On Proposed Goal 8.:
We are generally supportive of these newly formulated targets and we are happy to see the target 8.14 (promote formalization of informal sector activities and employment). However, it’s important to 1) clarify the “informal activities and employment” and 2) the target should not only to promote, but officially recognize traditional occupations as forms of employment. With this we propose to amend target the following way: “to officially recognize traditional occupations as forms of employment of Indigenous Peoples’ and other communities’ as essential to their well-being and livelihoods”

On Proposed Goal 9:
The IPMG would like to ask for clarification on target 9.10 – “promote indigenous technology development and the growth of domestic innovation in developing countries.” It is not quite clear whether the word “indigenous” used here refers to local technologies or to indigenous traditional knowledge. The difference is quite significant and we request an amendment to the target: “promote indigenous technology based on traditional knowledge and the growth of domestic innovation in developing countries.

On Proposed Goal 15:
We welcome inclusion of the target requiring governments, business and corporations to recognize and adhere to principles of Free, Prior and Informed Consent (FPIC). However, we noticed that the target to “ensure inclusion of indigenous and local communities in decision making, and promote traditional knowledge of indigenous peoples” has been eliminated from the focus area 15. We propose incorporating some of language of the eliminated target to the target on FPIC as decision-making and FPIC are closely related.

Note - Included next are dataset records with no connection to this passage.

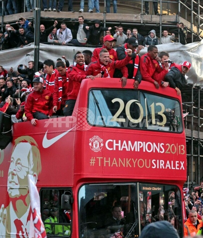 【5月14日 AFP】12-13イングランド・プレミアリーグで優勝を果たしたマンチェスター・ユナイテッド(Manchester United)が13日、マンチェスター(Manchester)市内で優勝パレードを行った。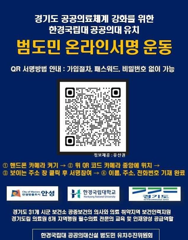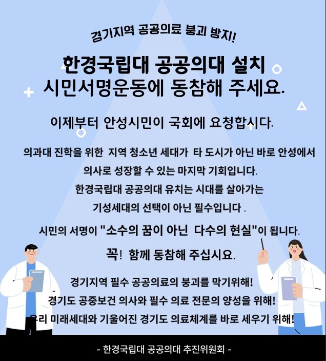 안성시와 추진위원회는 경기도 공공.필수의료체계 붕괴를 막기 위해 한경국립대 공공의대 유치가 필요하고, 공공의대 유치를 위해 “한경국립대 공공의대 설치 시(도)민 서명운동”을 4월부터 진행하고 있다.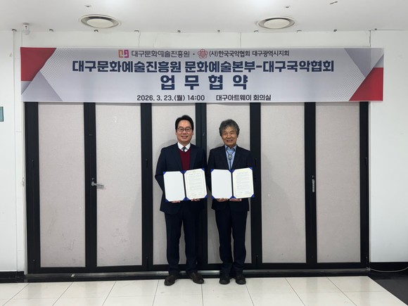 (재)대구문화예술진흥원(이하 진흥원, 원장직무대행 황보 란) 문화예술본부(본부장 방성택)과 대구국악협회(협회장 김신효, 이하 ‘국악협회’)가 3월 23일(월) 업무협약을 체결했다.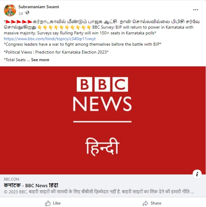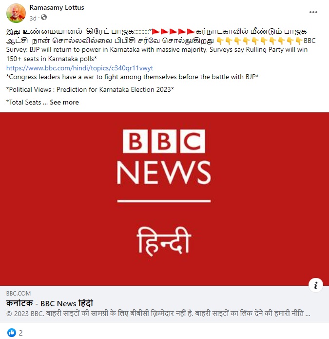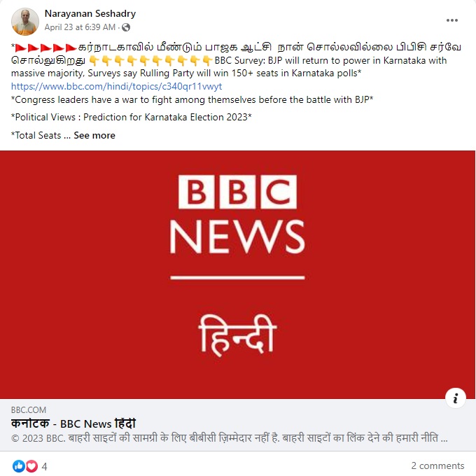 கர்நாடகாவில் மீண்டும் ஆட்சி அமைக்கும் பாஜக என்று பிபிசி சர்வே ஒன்று வெளியிட்டதாக தகவல் சமூக வலைத்தளங்களில் பரவிய நிலையில் அதுகுறித்த ஆய்வில் ஈடுபட்டோம்.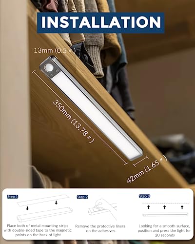 【Super facile da installare】 Non sono necessarie viti o strumenti. Basta semplicemente unire la luce dell'armadio e la striscia magnetica e poi attaccarla su qualsiasi superficie piana che desideri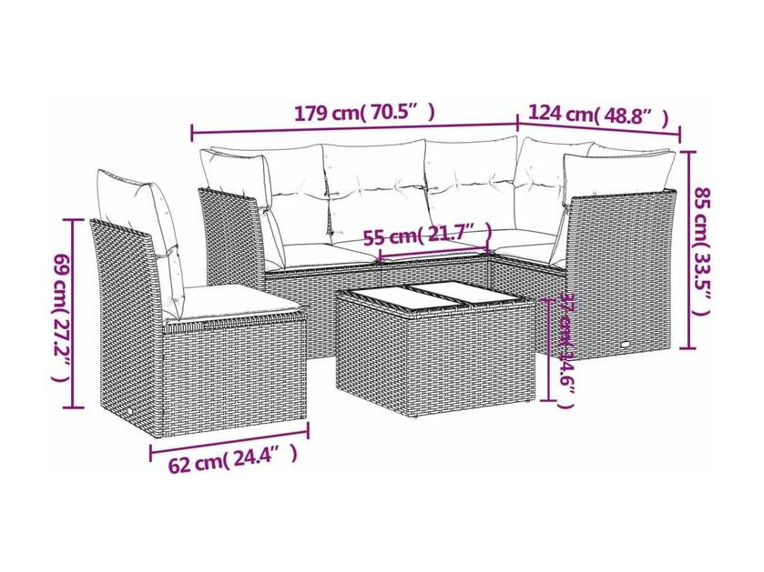 Salon de jardin 6 pcs avec coussins gris clair résine tressée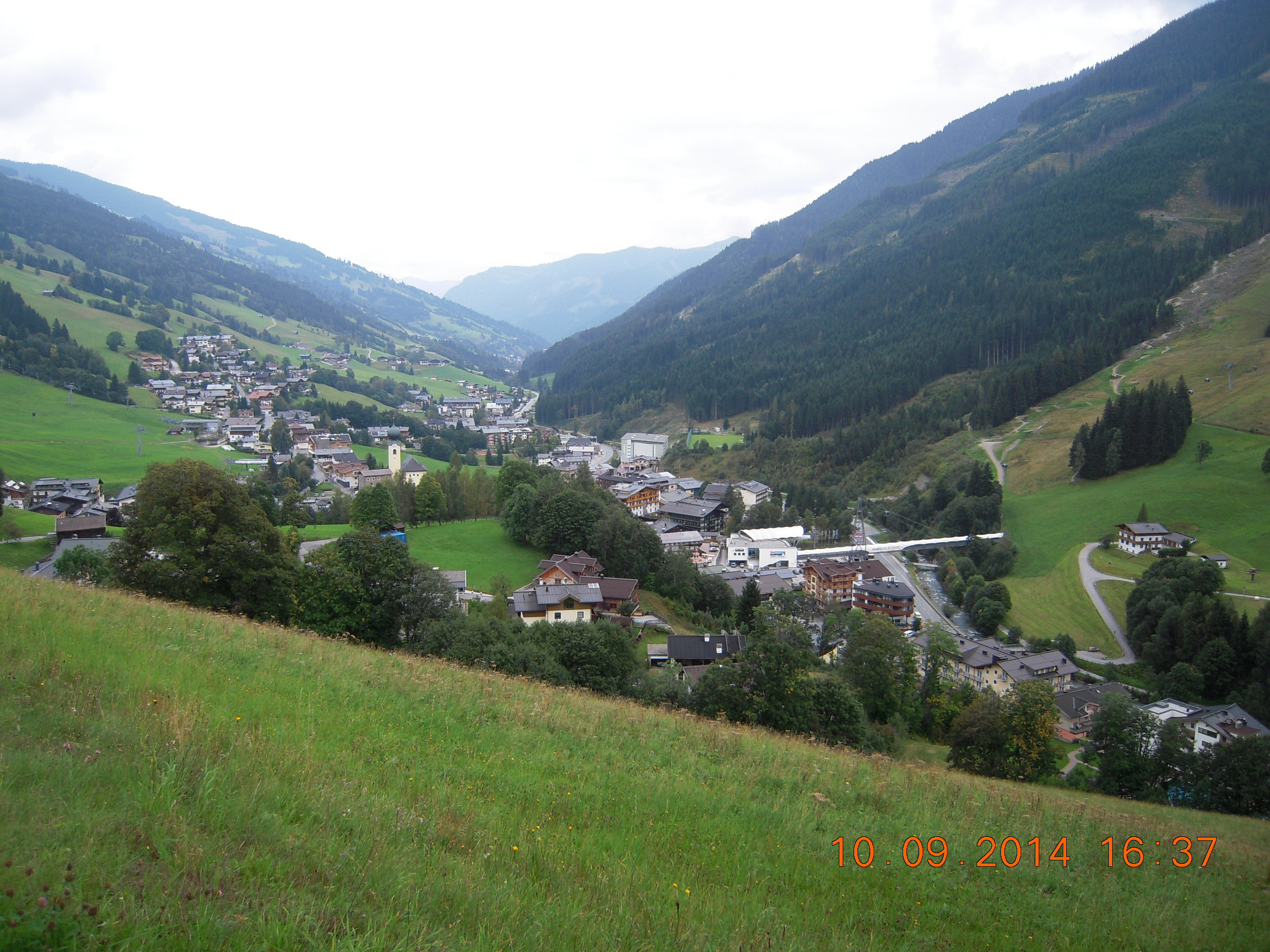 Teimme syyskuun alussa 2014 matkan Saalbachiin, joka sijaitsee Salzburgerlandissa. Finnairin lento lähti 0800 ja Munhenissä otimme lähijunan keskustaan ja sitten junan kohti Salzburgia, reitti vei Rosenheimin, Kufsteinin ja Wörglin kautta Zell am Seehen, josta vaihdoimme bussiin. Junamatka Muncenin päärautatieasemalta Zell Am Seehen vei noin 3:15 ja bussimatka Zell Am Seestä Saalbachiin noin puoli tuntia. Hotellimme Saalbachissa oli Hotel Barbarahof https://www.barbarahof.at/ Hotellin omisti perhe, jossa oli pikkuhiljaa tapahtumassa sukupolvenvaihdos. Nuoret hoitivat pitkälti vastaanoton ja asiat ja isäntä oli paljon seuramiehenä. Isäntä ei ikävä kyllä puhunut paljon englantia, mutta hänen englanti ja meidän Saksa auttoi kyllä saamaan juttua aikaan. Nuoret olivat kielitaitoisia kuten henkilökuntakin. Hotelli oli muutenkin erinomainen, palvelu, ruoka, wellness -alue sekä yleinen meiniki oli oikein hyvää luokkaa. Hotelli tarjoaa erinomaisen aamiaisen, kakkubuffetin päivällä sekä iltaruoan, johon kuuluu salaattibuffetin lisäksi alkupala, pääruoka sekä jälkiruoka. Wellness alueella on useita saunoja, suihkuja jne. Hotellissa on kaikki kohdallaan.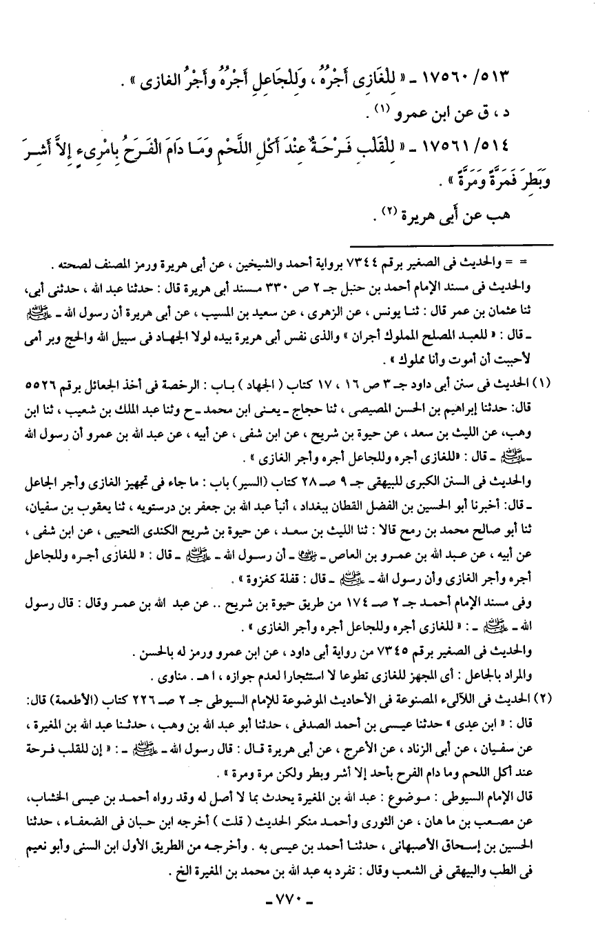 وفي مسند الإمام أحمد جـ 2 صـ 174 من طريق حيوة بن شريح .. عن عبد الله بن عمر وقال: قال رسول الله - صلى الله عليه وسلم -: "للغازى أجره وللجاعل أجره وأجر الغازى".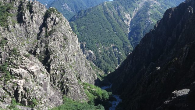 そしていよいよ核心のF4(40m)です。「要塞のような岩壁から流れ落ちる滝」と紹介されていますが想像通り見ごたえがあります。周囲の空間が開けているので錯覚して落差を感じさせないですが、近づいて下から見上げるとまさに大迫力です。ここは初めから巻く予定なので先人たちの記録を良く調べましたが「右のルンゼを登る」とあるだけで具体的なルート記述が見当たらなく心配していました。実際には「ここ」という所には僅かですが踏み跡がありました。トラバースも高度感はあるものの、しっかりした灌木を手掛かりに落石に注意して進めば危険は感じませんでした。そして、この巻きルートからの景色がとても素晴らしかったです。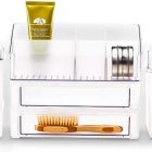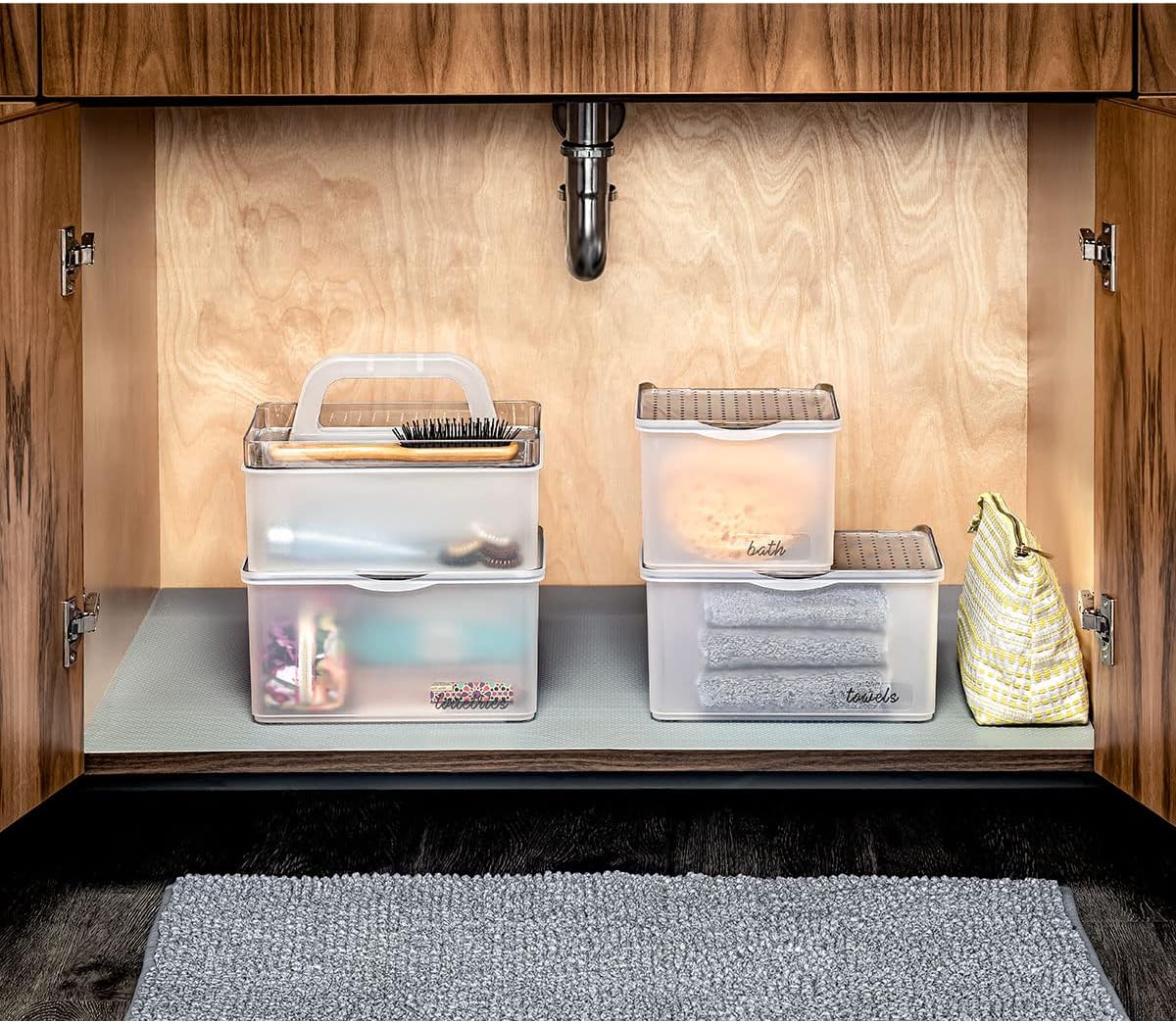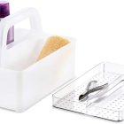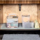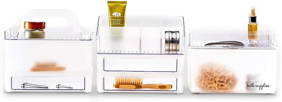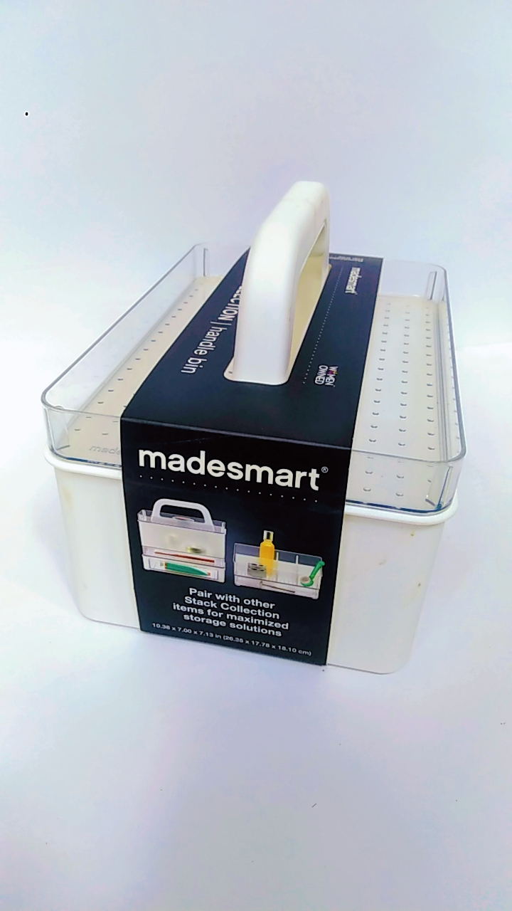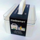 The madesmart Stacking Caddy provides a modern solution to traditional caddy storage. Discreet item storage in the main compartment and ready to use space with the companion tray. Stacks neatly with other madesmart Stack Collection favorites like the Stacking Drawer or Stacking Bins A women owned company. 10.38 x 7.00 x 7.13 in (26.35 x 17.78 x 18.10 cm)
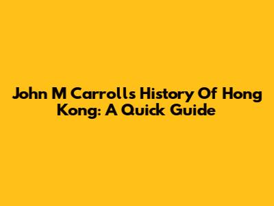 John M Carroll's History Of Hong Kong: A Quick Guide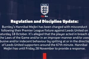 體育資訊11月11日訊 英足總官方消息,伯恩利中場(chǎng)漢尼拔·梅布里因在10月18日對(duì)陣?yán)澛?lián)的英超比賽中不當(dāng)行為而被指控。

High Level Political Forum (HLPF)

The IMPG has been working with DESA and other Major Groups to prepare for the HLPF to be held June 30-July 9 in New York. Unfortunately, the process lacks transparency. The agenda is still not approved by the ECOSOC President therefore it’s not yet being distributed to Major Groups and other stakeholders. The draft agenda was “secretly” shared with us by DESA. Two thirds of the HLPF draft agenda is dedicated to presentations from the representatives of Business and Industry and the Major Groups did not have any input drafting it. From the “secretly” shared draft we saw that there were only two slots allocated to IP speakers.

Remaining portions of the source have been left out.